WHAT THE TASK ASKS:
Please retype exactly the lines from the one containing "And now my heart" through the end of the records, leaving out the pictures.

※ ※ ※

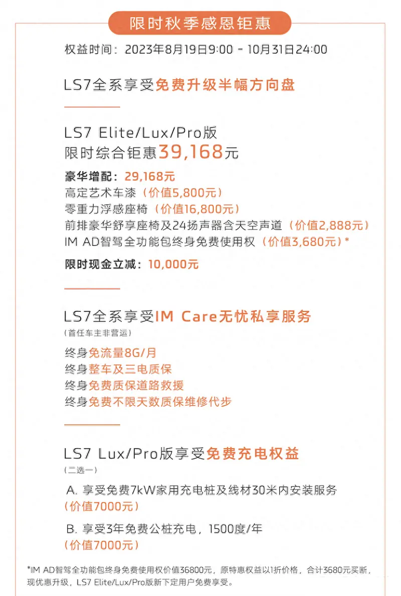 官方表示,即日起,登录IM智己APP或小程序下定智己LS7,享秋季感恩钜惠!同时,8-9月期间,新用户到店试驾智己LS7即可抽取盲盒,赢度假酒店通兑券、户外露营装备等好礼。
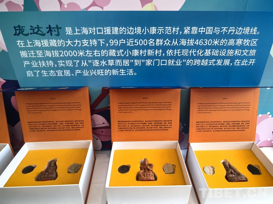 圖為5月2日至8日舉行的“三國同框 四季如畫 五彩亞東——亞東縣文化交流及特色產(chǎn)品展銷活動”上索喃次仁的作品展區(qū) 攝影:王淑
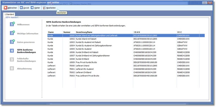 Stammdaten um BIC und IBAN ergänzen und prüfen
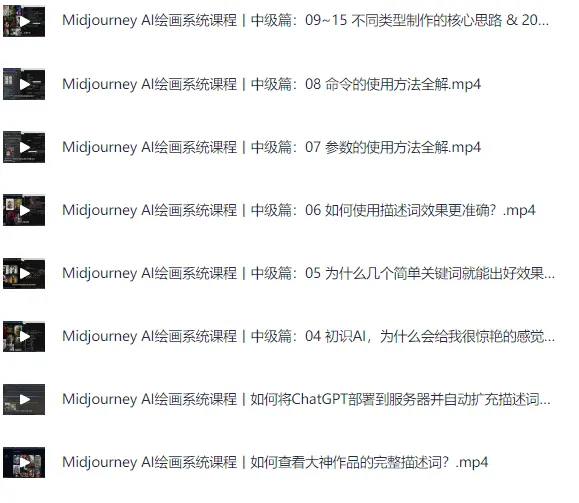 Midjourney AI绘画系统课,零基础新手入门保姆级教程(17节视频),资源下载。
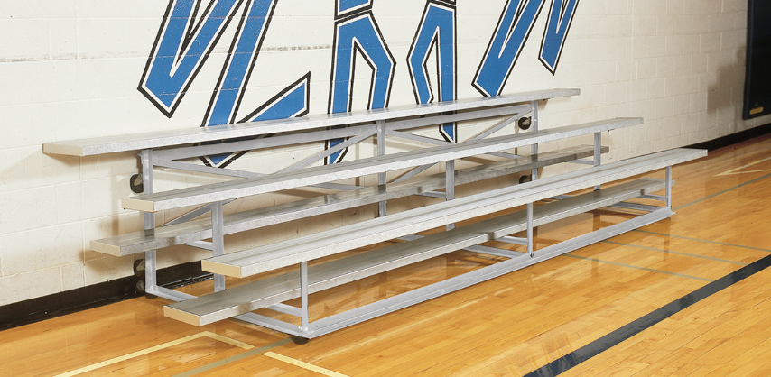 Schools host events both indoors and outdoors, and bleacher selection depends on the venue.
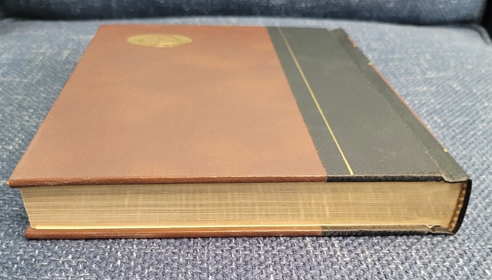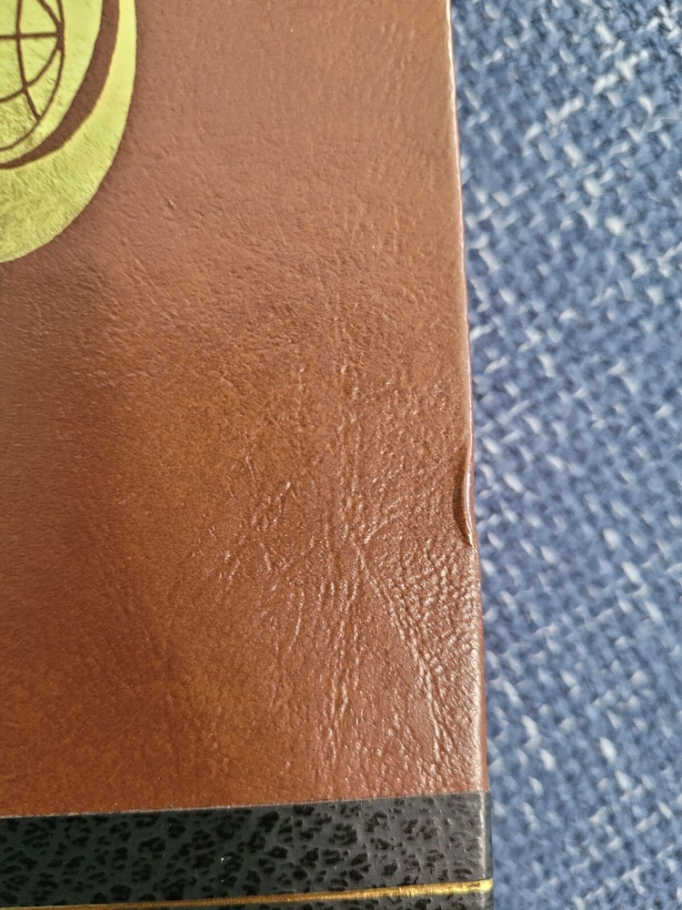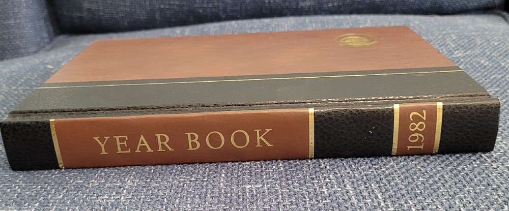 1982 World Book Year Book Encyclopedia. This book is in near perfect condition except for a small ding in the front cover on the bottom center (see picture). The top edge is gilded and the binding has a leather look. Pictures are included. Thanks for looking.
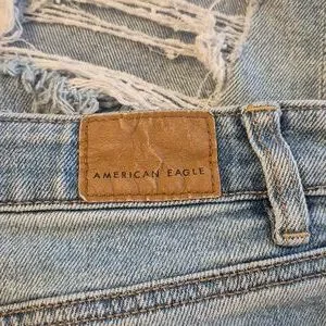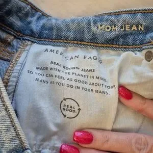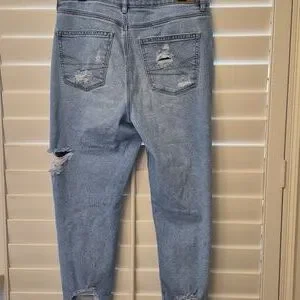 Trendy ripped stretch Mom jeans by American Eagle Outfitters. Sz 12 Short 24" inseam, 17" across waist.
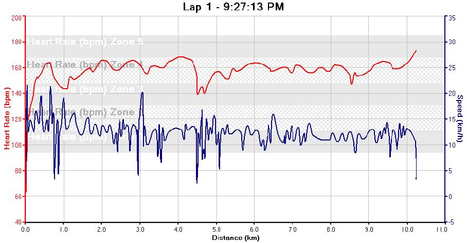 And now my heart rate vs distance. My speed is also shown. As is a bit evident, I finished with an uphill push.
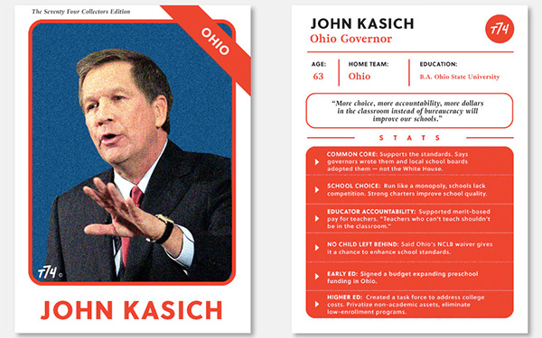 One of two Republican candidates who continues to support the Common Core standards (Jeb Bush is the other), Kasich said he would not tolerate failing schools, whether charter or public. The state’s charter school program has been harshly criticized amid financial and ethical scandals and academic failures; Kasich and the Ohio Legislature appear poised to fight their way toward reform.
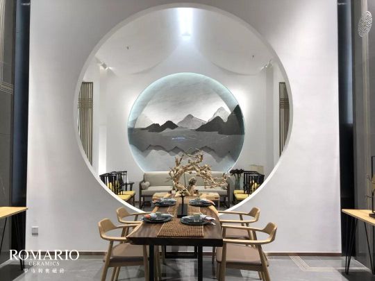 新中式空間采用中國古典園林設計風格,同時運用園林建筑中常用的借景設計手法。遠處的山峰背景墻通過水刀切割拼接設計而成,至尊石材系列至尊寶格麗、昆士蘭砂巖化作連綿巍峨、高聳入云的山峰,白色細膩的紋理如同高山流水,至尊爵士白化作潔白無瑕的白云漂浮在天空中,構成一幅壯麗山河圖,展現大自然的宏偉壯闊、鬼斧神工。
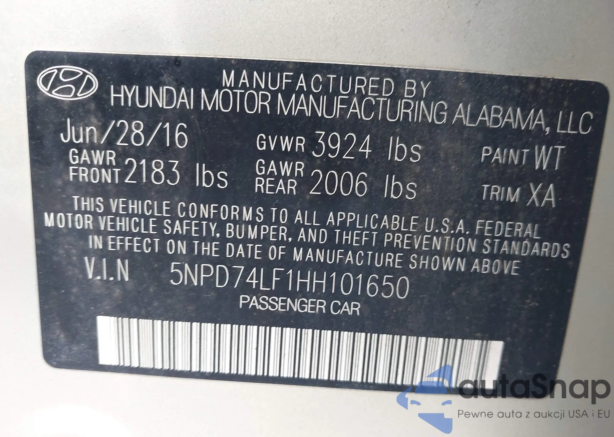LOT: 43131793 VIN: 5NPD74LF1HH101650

※ ※ ※

SOLUTION TO THE EXERCISE:
 And now my heart rate vs distance. My speed is also shown. As is a bit evident, I finished with an uphill push.
 One of two Republican candidates who continues to support the Common Core standards (Jeb Bush is the other), Kasich said he would not tolerate failing schools, whether charter or public. The state’s charter school program has been harshly criticized amid financial and ethical scandals and academic failures; Kasich and the Ohio Legislature appear poised to fight their way toward reform.
 新中式空間采用中國古典園林設計風格,同時運用園林建筑中常用的借景設計手法。遠處的山峰背景墻通過水刀切割拼接設計而成,至尊石材系列至尊寶格麗、昆士蘭砂巖化作連綿巍峨、高聳入云的山峰,白色細膩的紋理如同高山流水,至尊爵士白化作潔白無瑕的白云漂浮在天空中,構成一幅壯麗山河圖,展現大自然的宏偉壯闊、鬼斧神工。
LOT: 43131793 VIN: 5NPD74LF1HH101650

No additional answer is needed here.